Holy Cross Greek Orthodox Church
We are a community of Orthodox Christians struggling to 'work out our own salvation with fear and trembling' (cf. Philippians 2:12). We are Greeks, Cypriots and non-Greeks; American converts to the Orthodox Christian faith; immigrants from various nations; and our children and grandchildren.
We live, teach and worship according to the traditions (cf. II Thessalonians 2:15) of the ancient, apostolic churches of the eastern Mediterranean evangelized by the Apostles in the first century AD, as documented in the New Testament book of The Acts of the Apostles.

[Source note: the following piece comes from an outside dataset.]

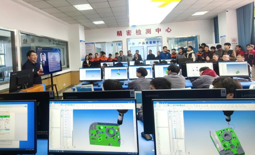 本次實(shí)訓基地獲得無(wú)錫市教育局專(zhuān)項資金支持,同時(shí)創(chuàng )新中心按照省工信廳、市工信局對省制造業(yè)中心的指導精神,提供多臺設備與技術(shù)資源共享,可容納40名學(xué)生同步開(kāi)展虛擬仿真與設備操作實(shí)訓。創(chuàng )新中心結合職校培養規律與無(wú)錫產(chǎn)業(yè)特點(diǎn),開(kāi)發(fā)“理實(shí)一體、虛實(shí)結合”的培訓課程體系,融入航空發(fā)動(dòng)機、汽車(chē)零部件等本地優(yōu)勢產(chǎn)業(yè)測量案例,并對授課教師開(kāi)展專(zhuān)項培訓與取證上崗;貑⒂靡詠(lái),已完成兩個(gè)班級全時(shí)連貫培訓及嚴格考評認證,預計每年將有近百名優(yōu)秀學(xué)生實(shí)訓取證,具備精密測量工程實(shí)操能力。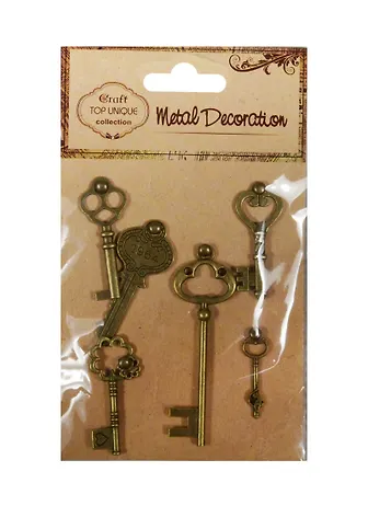 Набор для творчества, Декоративные металлические ключики, античная бронза №1, 6шт, в ассортименте

We worship in both Greek and English:
- Greek (the ancient world's lingua franca or 'common tongue'), to preserve and celebrate the language of the Septuagint Old Testament and the New Testament, the Church’s Ecumenical Councils and many of her theologians and saints, as well as the immigrant founders of this parish; and
- English (the lingua franca or 'common tongue' of this parish, Stroudsburg, Pennsylvania, the diverse peoples of North America, and the world today), in obedience to the biblical commands to “pray with understanding” and to “teach all nations” (1 Corinthians 14:15, Matthew 28:19).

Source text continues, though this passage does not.